Block unwanted crawlers wasting your resources

Block unwanted crawlers wasting your resources

 

 

 

Looking at your server logs can show you a huge amount of traffic that is just eating away your server response.

To tighten it up here are two helpful snippets of code that will stop them dead in there tracks.

Firstly;

In your htaccess file found in the root of your domain.

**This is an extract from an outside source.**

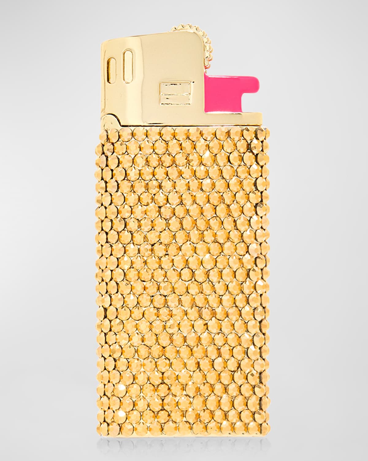 Judith Leiber Couture "Got a Light" flame pillbox in crystals and zinc alloy Structured top with liftclasp closure Approx. 2.7"H x 1"W x 0.5"D Item Weight (Lbs.): 0.5 Imported

Add the following for robots/crawlers that don’t obey the robots.txt disallow rules.

Just under —

## enable rewrites

add the following

Options +FollowSymLinks
RewriteEngine on
## Added by citricmedia.co.uk to prevent unrequested crawling
#Commercial Crawlers
RewriteCond %{HTTP_USER_AGENT} BLEXBot|MJ12bot|TwengaBot|008|AhrefsBot|SemrushBot|WotBox [OR]
#Foreign Local Search Engines
RewriteCond %{HTTP_USER_AGENT} YandexBot|Sosospider|Baiduspider|ZumBot
RewriteCond %{REQUEST_URI} !robots.txt
RewriteRule .* – [F,L]

Next in your robots.txt file.

Add the following for the ones that do;

User-agent: BLEXBot
Disallow: /
User-agent: MJ12bot
Disallow: /
User-agent: TwengaBot
Disallow: /
User-agent: 008
Disallow: /
User-agent: AhrefsBot
Disallow: /
User-agent: SemrushBot
Disallow: /
User-agent: WotBox
Disallow: /
User-agent: Sosospider
Disallow: /
User-agent: Baiduspider
Disallow: /
User-agent: ZumBot
Disallow: /
User-agent: YandexBot
Disallow: /

If you don’t have a robots.txt file just create one called robots.txt and upload it to the root of your domain via ftp.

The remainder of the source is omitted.